At the core of the problem is the modularized product platform strategy where the individual elements (modules or subsystems) of the platform are designed, built, and manufactured by a multiplicity of internal and external teams which often do not communicate well, and which often have a limited understanding of the overall product.
For example, does:
- … the software team responsible for the embedded code within an automotive control unit have any understanding of the mechanical interaction of the parts?
- … a requirements team understand the impact of a specific requirement across the platform architecture and functionality?
- … one team know how the other team is impacted by what they do?
Since the variability of a product platform has everything to do with how that platform is modularized, it is also directly connected to an efficient strategy of product variability. The two are, in fact, inseparable.
The Risks of a Modular Design
Recently I had the pleasure of talking with Prof. Patrick Hillberg at the CIMdata PLM Roadmap event focused on digital thread. Hillberg invested a lot of time in thinking through the process of platform modularization and how it can lead to unforeseen emergent properties with catastrophic consequences, see Better Products Need Better Cultures: The GM Ignition Switch Recall. While the paper does not focus on product variability, its focus on the platform modularization strategies is an eye-opener when thinking about validating product variability, quote: “Decomposition leads to dysfunctional cultures.” It is a long read but worth it. He concludes that in the GM case, life was lost because the airbags control disabled them based on the engine status instead of the vehicle velocity. The mechanical misbehavior of the ignition key acted as a trigger (the engine went off while the car was moving) and not the cause (airbags turned off because the engine turned off–but the car was still moving). The core issue was that the two functional modules were implemented in silos. This is not an argument against product platform strategy; it is an argument that module “silos” can and do lead to tragic consequences.
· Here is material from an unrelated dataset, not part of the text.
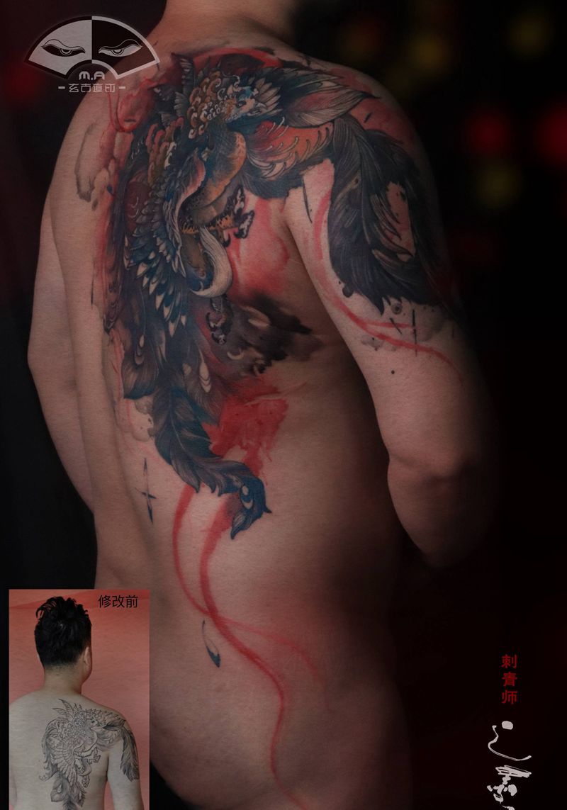当前位置: 首页 >陕西省西安市纹身店-玄古道印༺࿄࿆༼M.A༽࿅࿆༻纹身图案>《涅槃重生》纹身图片_背部水墨凤凰纹身图案

My point is that similarly to a team approach to a platform design where everybody (including suppliers) has the same understanding of the product’s design intent – variant strategy also needs to be a part of every step of the process and at every level of the engineering V model. It is the people and the process. This, in turn, means that the only effective variability strategy is the one that allows to explore, define, and verify the same variability logic against any product structure: requirements, functionality, architecture, module breakdown, manufacturing, documentation, and others. While the individual product representations have different breakdown structures, the same variability logic should be reusable against any of them.
Aras Variant Management
Recently released Aras Variant Management focuses squarely on this challenge: reusing the same variability logic in different product representation contexts and at any step of a product’s lifecycle. The application separates the definition of the logic from the structure that it resolves, allows saving the logic under a specific name, and reuses it as needed. Its dedicated data model is an integral part of the Aras’ PLM platform digital thread. It connects variability to all other digital assets the platform manages, including requirements, system functionality, architecture, implementations in different engineering domains, manufacturing processes, documentation, and others. Platform services can be configured to manage variability configuration, revision, change management process, team collaboration, and others.
Conclusions
Variant management is not limited to marketing and engineering. It is a fundamental part of the modular product strategy that involves internal and external (supply chain) teams—an essential element of Systems Thinking. As such, it impacts people, processes, and tools, and its impact should be considered in that sequence. Since variant management and modular platform design are critical to your products, you need to ask yourself if your product variability strategy takes that into account at every stage of the product’s lifecycle, by every team, and by all partners and suppliers. Not doing so may allow you to create more products with fewer parts, but it may also create the hidden problem of unforeseen emergent properties and behaviors. That can cost you billions, affect your product brand, and risk the well-being of your customers. Does Variant Management manage just BOM? Think again.